Forrest DeBernardi

Personal information
- Born: February 3, 1899 Nevada, Missouri, U.S.
- Died: April 29, 1970 (aged 71) Dallas, Texas, U.S.
- Listed height: 6 ft 1 in (1.85 m)

Career information
- High school: Iola (Iola, Kansas); Northeast (Kansas City, Missouri);
- College: Westminster (MO) (1919–1921)
- Playing career: 1920–1929
- Position: Center

Career history
- 1920–1922: Kansas City AC
- 1922–1927: Hillyard Shine Alls
- 1927–1929: Cook's Painter Boys

Career highlights
- 5× AAU champion (1921, 1926–1929); 5× AAU All-American (1921, 1922, 1925–1927); 2× Helms All-American (1920, 1921); 2× First-team All-MIAA (1920, 1921);
- Basketball Hall of Fame
- Collegiate Basketball Hall of Fame

= Forrest DeBernardi =

American basketball player

Forrest Sale "Red" DeBernardi (February 3, 1899 – April 29, 1970) was an American college basketball player in the 1920s. Standing 6 ft. 1 inches tall, DeBernardi was one of the best centers of his era, and played all five positions. Born in Nevada, Missouri, he attended Westminster College where he played from 1919 to 1921. DeBernardi also competed in tennis, baseball, and track and field at Westminster College. On January 19, 1920, he made 24 field goals against Missouri Wesleyan, a school record that stands to this day. DeBernardi then transferred to the University of Kansas in order to be closer to the Kansas City Athletic Club so that he could compete for them in the Amateur Athletic Union (AAU). He did not play for the university, however.

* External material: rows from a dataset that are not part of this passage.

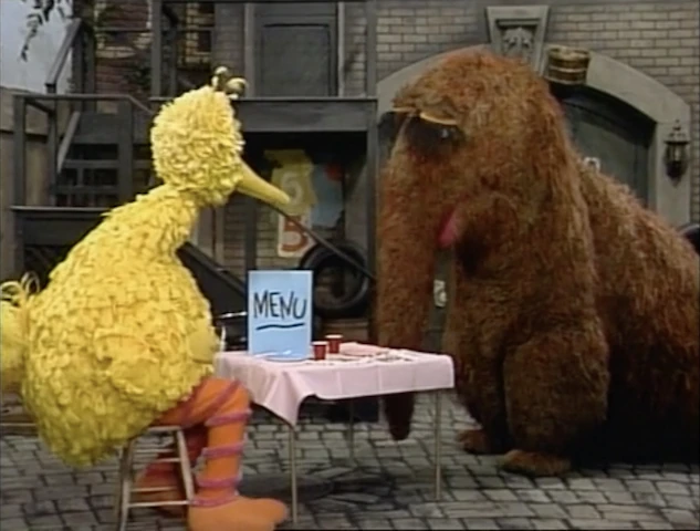 SCENE 1 | Today for Big Bird and Snuffy’s playdate, they’re playing "restaurant." They sit down and wait for the waiter to serve them... until they realize no one is playing the waiter. Big Bird assumes the role and brings Snuffy a bowl of cabbage soup. He finds it too hot and tries to cool it down by blowing on it with his snuffle, blowing away the table and everything on it. |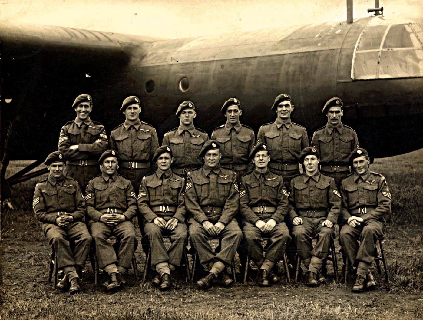 Men of the Glider Pilot Regiment, before D-Day, 1944. Staff-Sergeant Harry John Chandler sits at the extreme right of the front row. Click here for a full-size (264kb) photograph. Copyright: Richard Meakin.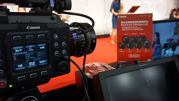 NABで発表したシネマカメラ用単焦点レンズシリーズ「Sumire Prime」はメインブースでの展示。今までのCanonのレンズにはない質感は大阪でも人気だった。せっかくならもう少しバリエーション多く展示してればその良さをもっとアピールできたのでは?と個人的な感想。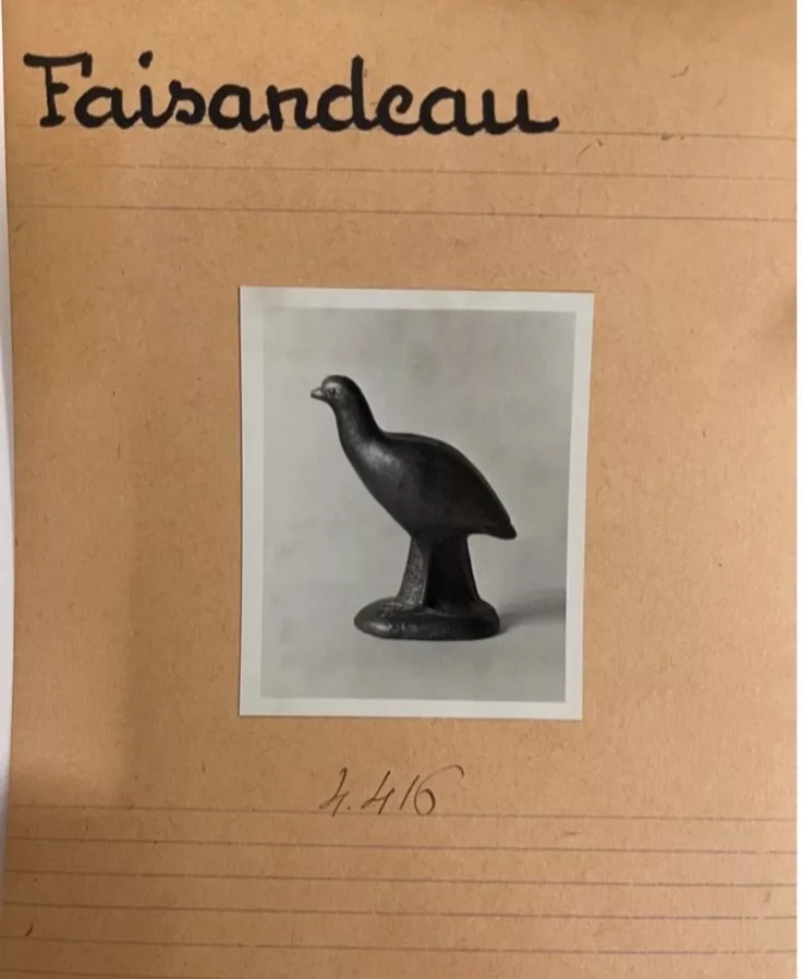 Ce Faisandeau daté 1957 est réalisé dans l’atelier de sculpture de la Manufacture Nationale de Sèvres à titre personnel et après autorisation, c’est un grès émaillé brun noir façon bronze et répertorié (rep1), ceux réalisés et édités en plusieurs exemplaires sont en grès rouge non émaillé (rep2).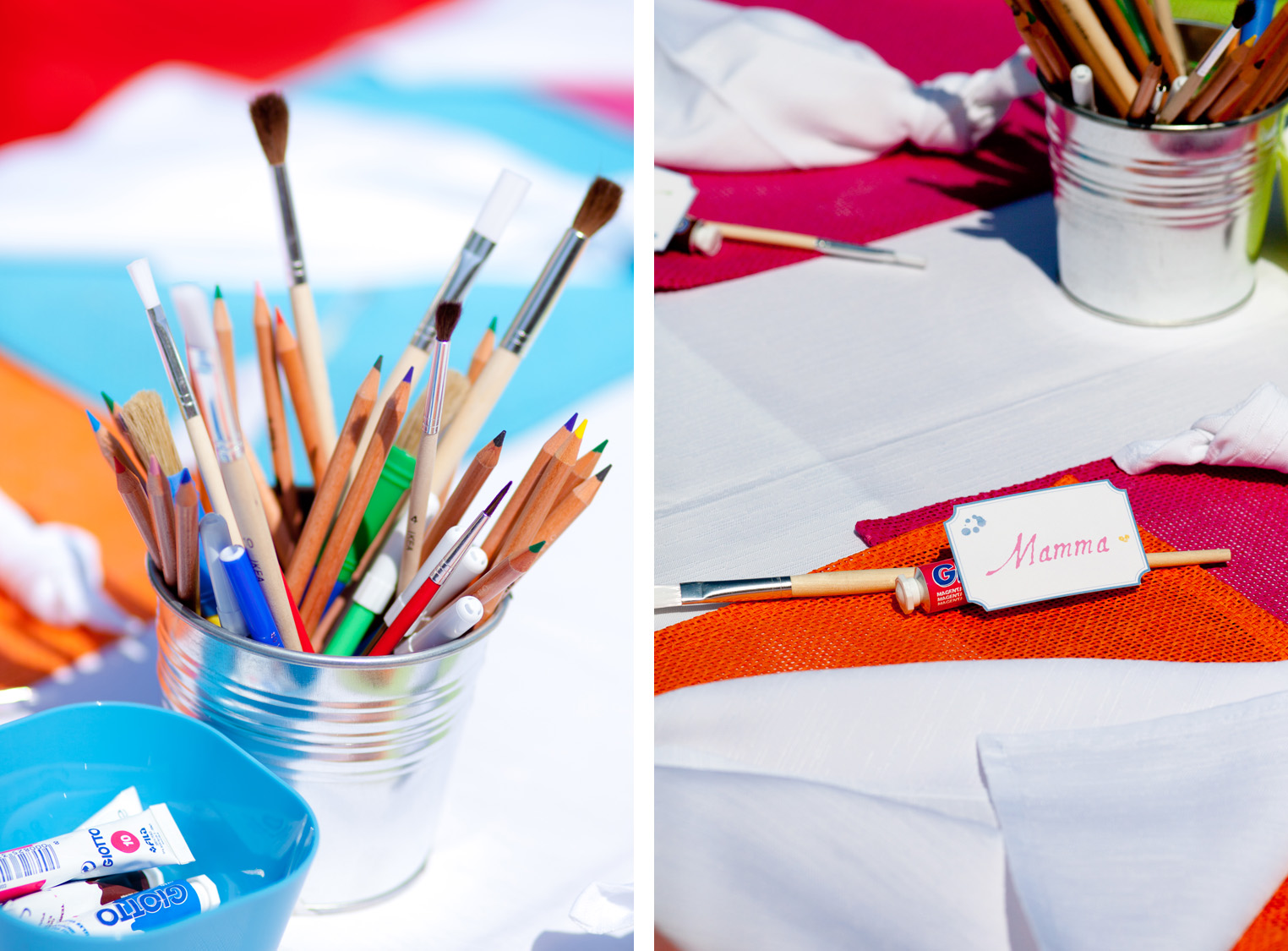 Suze made the stationery, Laura put together all the idea that Elena, Niccolò’s mother, had in her mind, Alessandra decorated the party and made the cakes (fantastic…she’s an artist too!) and I took the photos.

Following his impressive collegiate career, DeBernardi became an outstanding AAU player. Between 1920 and 1929, when he played with Kansas City Athletic Club (1920–22), Hillyard Shine Alls (1922–27) and Cook's Painter Boys (1927–29), he played in 10 national AAU tournaments and was named to the AAU All-American team five times. DeBernardi was also an AAU national champion five times.

In 1938 the Associated Press selected DeBernardi as the center on its All-Time All America college basketball team. He was also awarded with the Helms Athletic Foundation Hall of Fame Award in 1952. In 1961, DeBernardi was elected to the Basketball Hall of Fame. In 2006, he was elected posthumously into the National Collegiate Basketball Hall of Fame.